All results are expressed as the mean ± SEM. Univariate analyses were performed using the Student ttest. Comparisons between multiple groups were determined by one-way analysis of variance with the Scheffé F test. Categorical data were compared against a chi-square distribution. Linear regression analysis was used to determine the relationship between continuous variables. To ascertain whether measurement of plasma level of oxLDL is useful for predicting morbidity and mortality in patients with chronic CHF, 10 variables were entered into a Cox proportional hazard analysis. Kaplan-Meier analysis was performed on the cumulative cardiac event-free rates in patients with chronic CHF stratified into two groups based on the median plasma oxLDL level. A value of p < 0.05 was considered significant.
There was no difference in age, gender or plasma levels of total cholesterol, LDL cholesterol, HDL cholesterol or triglycerides among control subjects, mild CHF patients (NYHA functional class II) and severe CHF patients (NYHA functional class III or IV) (Table 1). The mean LVEF was significantly lower in patients with severe CHF than in patients with mild CHF. There was no difference in etiology and therapy between patients with mild CHF and patients with severe CHF.

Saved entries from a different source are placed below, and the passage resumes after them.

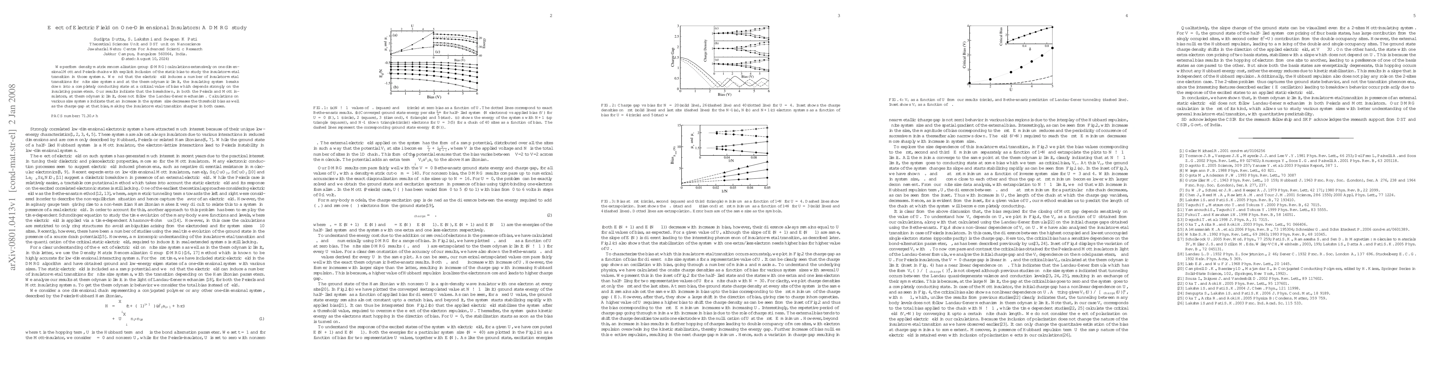 We perform density matrix renormalization group (DMRG) calculations extensively on one dimensional Mott and Peierls chains with explicit inclusion of the static bias to study the insulator-metal transition in those systems. We find that the electric field induces a number of insulator-metal transitions for finite size systems and at the thermodynamic limit, the insulating system breaks down into a completely conducting state at a critical value of bias which depends strongly on the insulating parameters. Our results indicate that the breakdown, in both the Peierls and Mott insulators, at thermodynamic limit, does not follow the Landau-Zener mechanism. Calculations on various size systems indicate that an increase in the system size decreases the threshold bias as well as the charge gap at that bias, making the insulator-metal transition sharper in both cases.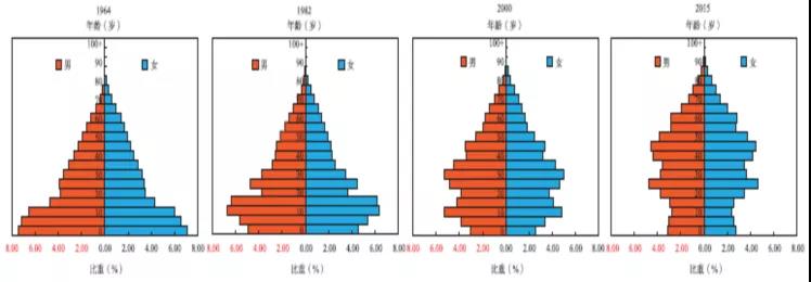 随着时间的推移,“劳动力炸弹”最终会变成“老年炸弹”。从1964年第二次人口普查,1982年第三次人口普查,2000年第四次人口普查和2015年人口抽样调查的人口年龄结构金字塔图发现,人口年龄结构从典型的金字塔形已经变成了“两头小,中间大”的形状,这是劳动力供给非常丰富的年龄结构,最终,人口年龄结构将转变为上大下小的倒金字塔形状,进入深度老龄社会。这是人口转变必然带来的人口年龄结构变化,这种人口年龄结构变化反映在抚养型和生产型人口上,就是出生人口逐渐从被抚养者变成生产者,最终又变成被抚养者。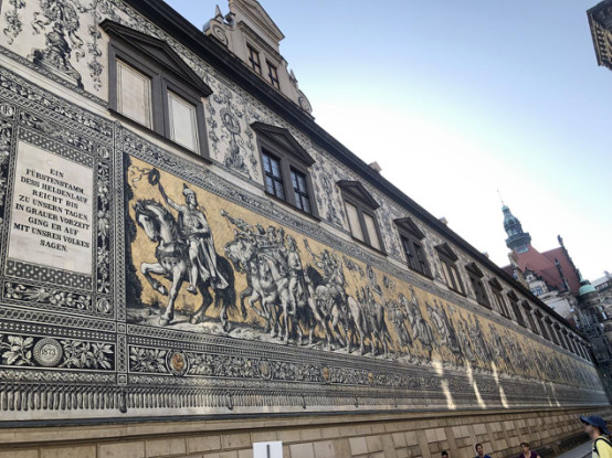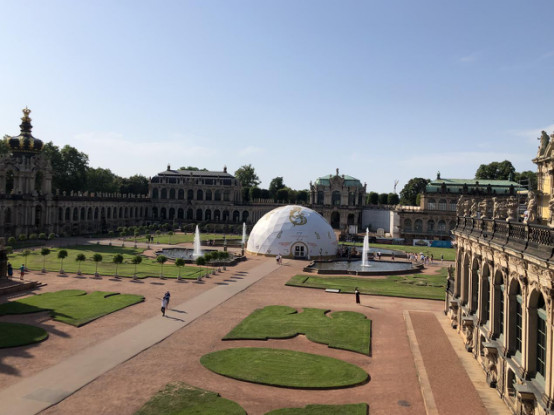 茨温格宫(Zwinger),开放时间10:00~18:00,路线:穿过“玩偶报时钟亭”(Glockenspielpavillon)进入中心庭院,从庭院中央建筑处的阶梯可登上宫殿建筑的二楼平台,这一带是出名的部分墙亭(Wallpavillon),庭院二楼向下可以俯瞰纽普仙女池(Nymphenbad),茨温格宫左侧翼的中央是王冠门(Crown Gate),门顶是守护波兰的天使雕像,右侧翼是规模庞大的塞姆佩尔画廊(Semper Gallery)。茨温格宫有6家博物馆,最值得一看的是古典大师画廊(Galerie Alte Meister),最著名的藏品是拉斐尔的《西斯廷的圣母像》和意大利吉奥乔尼的《入睡的维纳斯》,此外还有伦勃朗、维米尔、普桑、丢勒等大师的作品。此外还有军械库(Armory,德语Rustkammer)和数学及物理沙龙厅(Mathematical-Physical Salon)以及瓷器收藏馆(Porzelansammlung),可惜我们参观完绿穹博物馆去到那里已经闭馆了。
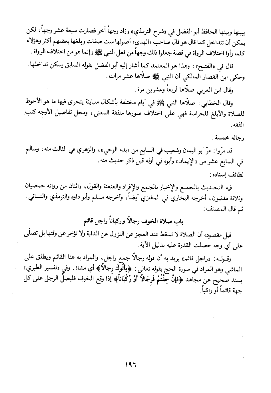 يبينها وبينها الحافظ أبو الفضل في "شرح الترمذي" وزاد وجهًا آخر فصارت سبعة عشر وجهًا، لكن يمكن أن تتداخل كما قال هو قال صاحب "الهدى" أصولها ست صفات وبلغها بعضهم أكثر وهؤلاء كلما رأوا اختلاف الرواة في قصة جعلوا ذلك وجهًا من فعل النبي -صلى الله عليه وسلم- وإنما هو من اختلاف الرواة.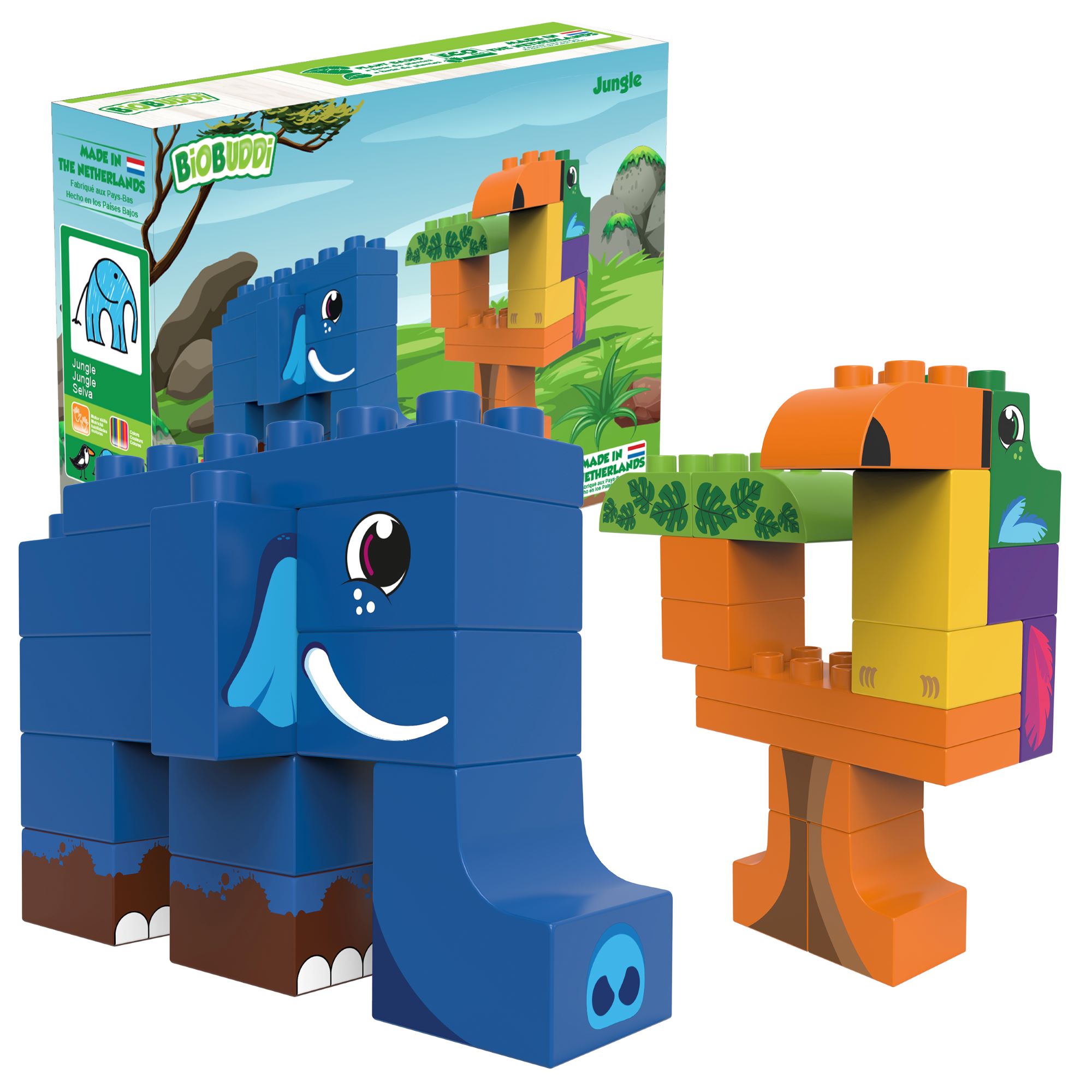 Ekologiczne klocki Biobuddi - zestaw 2w1 Słoń i tukan - klocki dla tych, którzy dając dziecku najlepsze zabawki, pamiętają także o środowisku.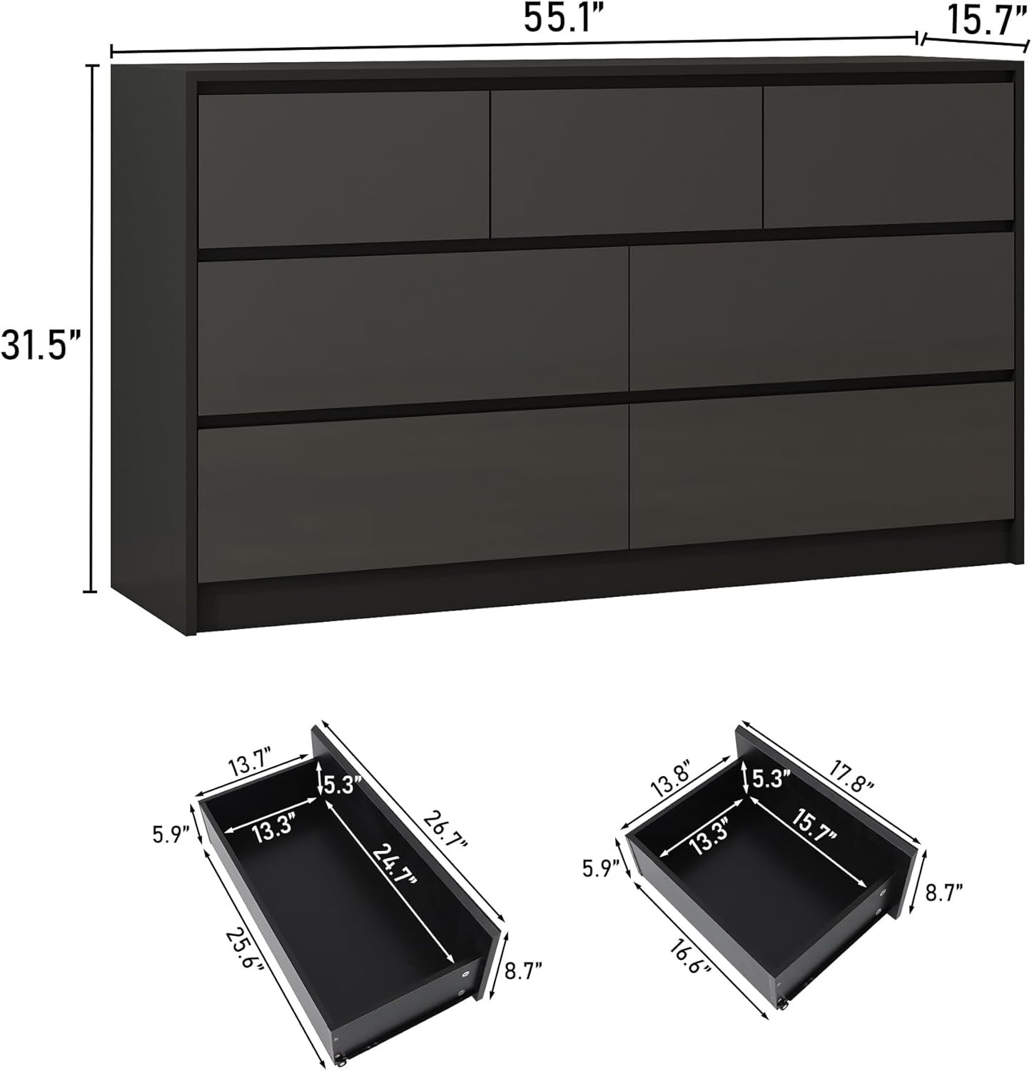 【Glossy handle-less design】Different from ordinary 55 inch long dresser for bedroom, our black 7 drawers malm dresser has a high-gloss front, adding a charming touch to your room. The unique beveled design of the drawers is full of modern elements. This large modern dresser with seven deep drawers can be matched with various themed homes.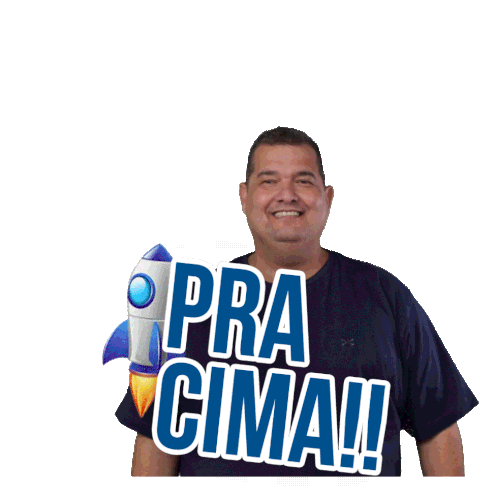 George Reis, also known as Gordinho Da Favela, enthusiastically points and gives a thumbs up with a 'Pra Cima!' rocket graphic.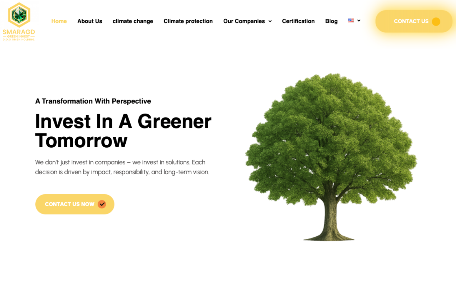 Für Smaragd Holding wurde eine professionelle Unternehmenswebsite entwickelt, die die Vision und Projekte des Unternehmens digital präsentiert. Ziel war es, eine Plattform zu schaffen, die Investoren, Partnern und Interessenten einen klaren Überblick über nachhaltige Investmentstrategien, Portfolio-Unternehmen und Umweltprojekte bietet.

Relationship between plasma oxLDL and the severity of CHF
No significant correlation existed between the plasma oxLDL and plasma levels of total cholesterol, LDL cholesterol, HDL cholesterol or triglycerides in control subjects and patients with CHF. The plasma oxLDL level was significantly higher in severe CHF patients than in control subjects and mild CHF patients (Fig. 1). A significant negative correlation was observed between the plasma level of oxLDL and LVEF (Fig. 2A). A significant positive correlation existed between the plasma level of oxLDL and plasma NE level (Fig. 2B).
Characteristics of 84 patients followed with CHF
All of the 84 enrolled patients were successfully followed (Table 2). During the follow-up period, 14 patients died and 12 were hospitalized due to cardiac event. The cause of death was worsening CHF in 12 patients and sudden death in 2 others. The causes of rehospitalization were worsening CHF in 11 patients and fatal arrhythmia in 1 patient. No differences existed between survivors and nonsurvivors by age, gender, etiology, coronary risk factors, LVEF or treatments. Plasma levels of oxLDL, BNP and NE were significantly higher in nonsurvivors than in survivors.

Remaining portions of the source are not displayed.